I can still feel the energy surging through my veins in a fireball explosion as a sheet of blue electricity struck down from the heavens immobilizing me. I will never forget the smell of my long black hair singeing at the tips or the sight of a smoke bomb escaping every threaded inch of my clothing. An eternity of torture amassed in moments yet I survived. Physically, I escaped with burns only to my palms. Mentally, my brains were fried and scrambled like freshly cut potatoes sizzling in oil and my morning eggs prepared just the way I like them. A decade ago, this was my ascending orchestrated by The Creator calling me to rise for the sake of humanity.

Upstate New York is my home. My name is Chitto of the Onondaga Nation.

Sitting in the tall grass, I watch the sun make her morning ascent. Her ray’s project over the mountain top capturing my image. Like a camera catching sweet memories, I drift farther back in time to a picture of me as a young boy grasping firmly onto Grandmother’s hand. Grandmother was a gifted orator who kept our tribe’s morale alive retelling the tales of our ancestors. Her silver wisps were woven with such intricacy as were her stories transcending across time and space. Uniting past, present and future as an esteemed Shaman, she reminded us to always pay respect to nature’s children; every plant, animal, person, creature & thing. She also taught us to never forget the 7 Sacred Grandfather Teachings of the first elders: Wisdom, Love, Respect, Bravery, Honesty, Humility, & Truth.

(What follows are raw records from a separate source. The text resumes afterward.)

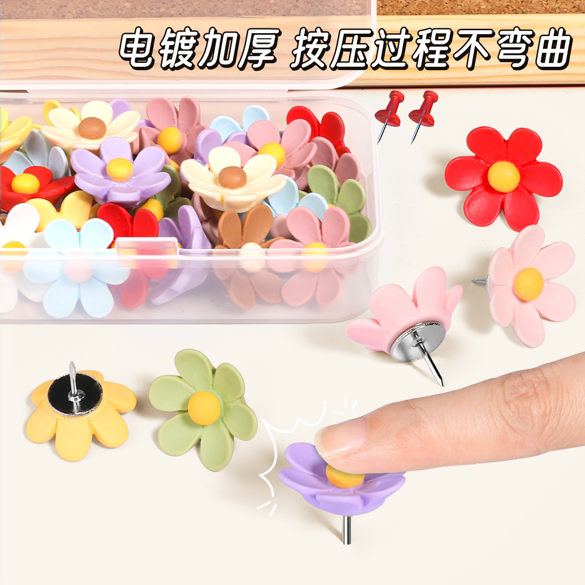 30个ins花朵彩色图钉创意可爱金属按钉毛毡软木板照片墙幼儿园装 饰大头钉工字钉摁钉定位器美术卡通造型按钉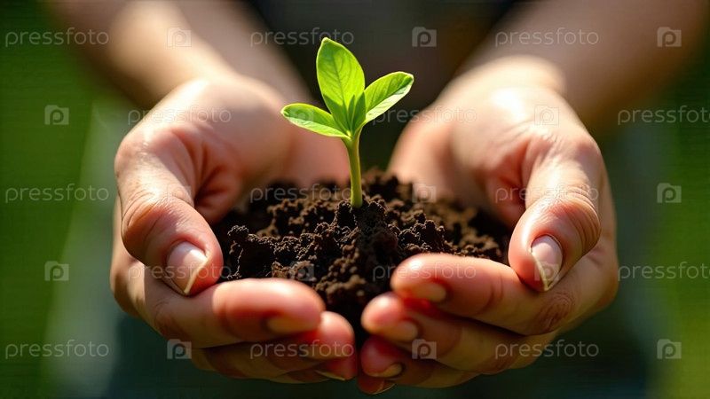 Молодой зеленый побег в горстке земли в ладонях фермера растений в земле на близком расстоянии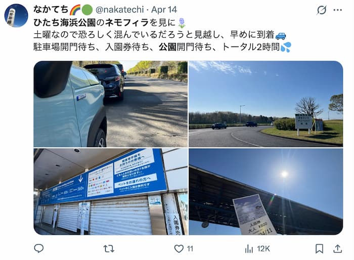 車の自由さは魅力ですが、ネモフィラのピーク時だけは話が変わります。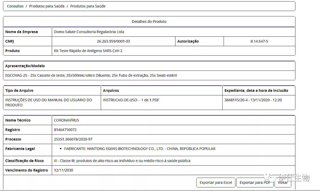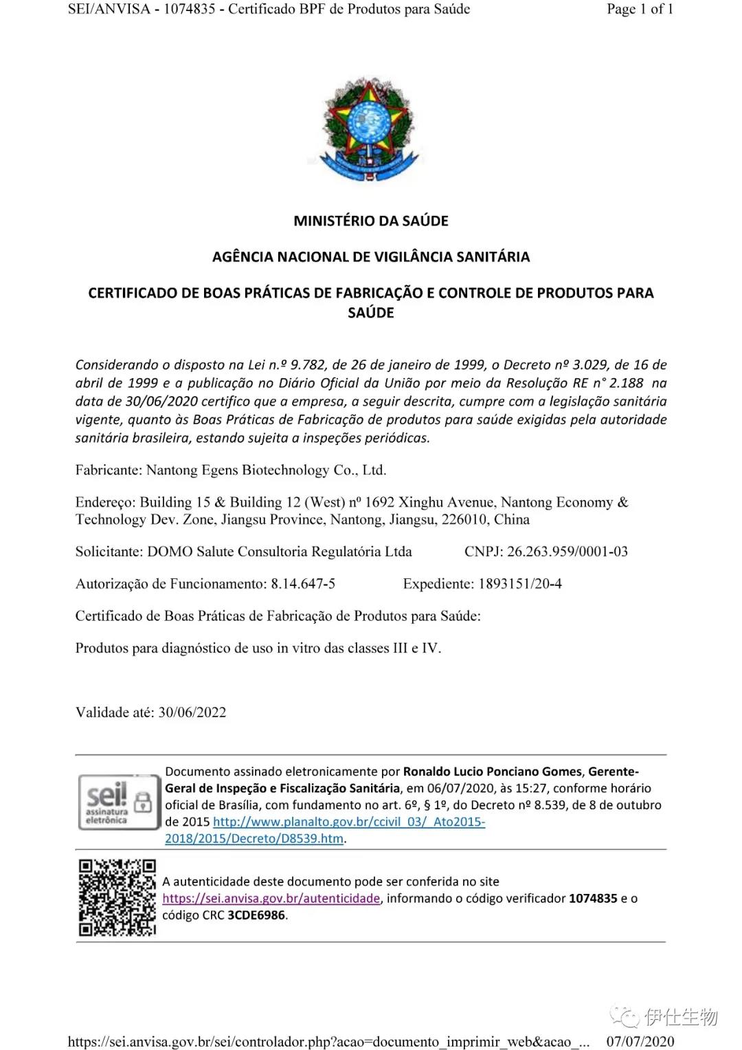 喜報(bào)!我公司在取得新冠病毒抗體檢測試劑巴西注冊(cè)證后,今取得新冠病毒抗原檢測試劑巴西注冊(cè)證。前期我司研制的新冠病毒抗體檢測、新冠病毒抗原檢測試劑均已獲得歐盟準(zhǔn)入資格。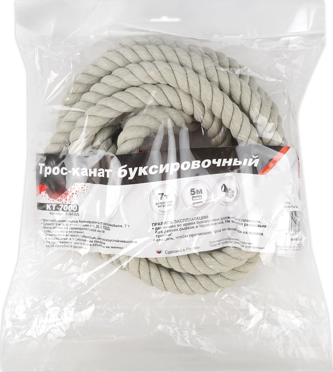 Трос-канат буксировочный без крюков AVS KT-7000 - разрывная нагрузка 7 тонн, длина 5 метров
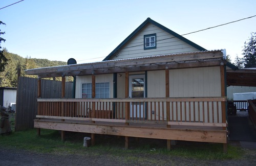 Two-story, two bedroom home sleeps a maximum of Five. Near Halfmoon Bay where the Umpqua meets the Pacific. Close to the sand dunes, fishing charters and restaurants. Secure and safe with plenty of parking. Trailer accessible plus room for boats and other toys. Small kid-friendly creek in back for swimming or fishing. Room for bbq and campfire. Full kitchen with dishes and appliances. Television for streaming movies. Internet access.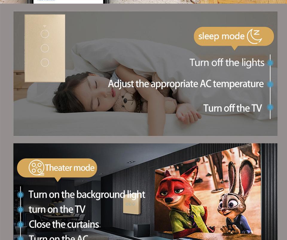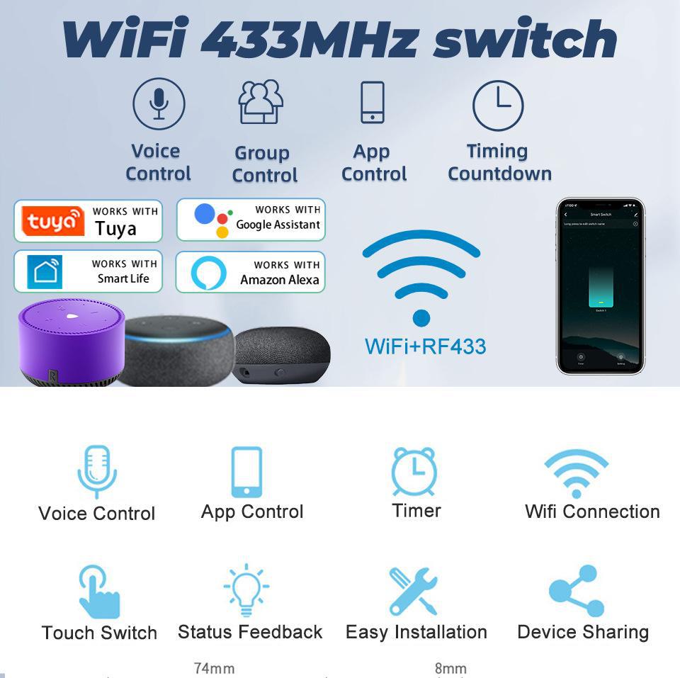 Interruptor de painel de toque inteligente Tuya Wi-Fi+RF433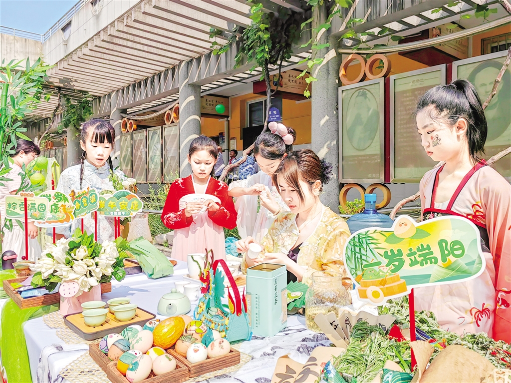學生們身著漢服與“我們的節日·端午”主題文化節背景墻合影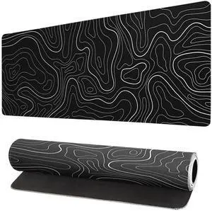 JVFYI Extended Gaming Mouse Pad, Large Gaming Mouse Waterproof with Stitched Edges, Non-Slip Desktop Pad for Home and Office, Level Up Your 31.5x11.8 Inch (Black Topographic)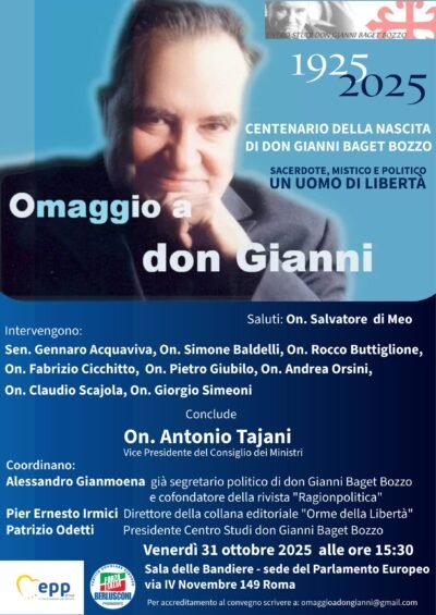 Con motivo del centenario del nacimiento del politólogo y eurodiputado Don Gianni Baget Bozzo (1925-2009), el pasado 31 de octubre se celebró en Roma, en la Oficina de Enlace en Italia del Parlamento Europeo, el congreso titulado: «Homenaje a Don Gianni: sacerdote, místico y político. Un hombre de libertad».

I spent my upbringing under the watchful eye of grandmother. The morning of my birth was marked by a sighting of a giant eagle bringing with him an important message: my arrival was much more than a joyous family occasion. It was a sign of hope for our people. I was chosen by The Creator to pay homage to the legendary Hiawatha as the second incarnation of human development and civilization. Grandmother, along with a few of the other elders, spent my childhood teaching me not only traditional native culture, but the history of Mankind. Combining education in both natural law and laws governed by Man were necessary to cultivate me as a future leader who walks not only with superior knowledge, but also compassion in his heart. Grandmother had a favorite mantra that she repeated daily: “To hold compassion in your core is like clutching a heart shaped locket close to your breast. When you open it a greater gift is found within; peace.”

Grandmother was the happiest person I ever met. Tall and bright just like a sunflower; she was the epitome of longevity at the age of 100. She inspired everyone she met to be the best version of themselves they could possibly be and no matter how difficult times got, she never frowned. On occasion when asked why she was so happy, she would simply reply “Happiness is a choice depending on nothing other than flexing your cheeks.”

Much like the sunflower, Grandmother was our people’s symbol of hope. The wildflower once flourished on earth with over 60 species but despite its domestication she was slowly vanishing from the planet. Ecological shifts of completely unnatural origin were destroying our flower of promise. At the age of 6, I started calling Grandmother “sunflower” for she represented this treasure best with purity in her heart. Grandmother’s journey began during the pandemic in 2021. She was 10 years old when she became ill with the Corona Virus shortly before the vaccine was publicly released. She contracted a fever of 104 degrees lasting for seven days. Due to her body’s dangerously elevated temperature, she also became afflicted with hallucinations. A repetitive vision of the earth engulfed in flames incinerating everything in its path played over and over in slow motion... It was like surveillance tapes taken from a crime scene were being frozen frame by frame by an analyst reviewing them for possible suspects. She spent seven days in this horrific nightmare hoping it would end when her fever broke but when it finally did, she has forever transformed; a shamanic vessel and prophetic counselor.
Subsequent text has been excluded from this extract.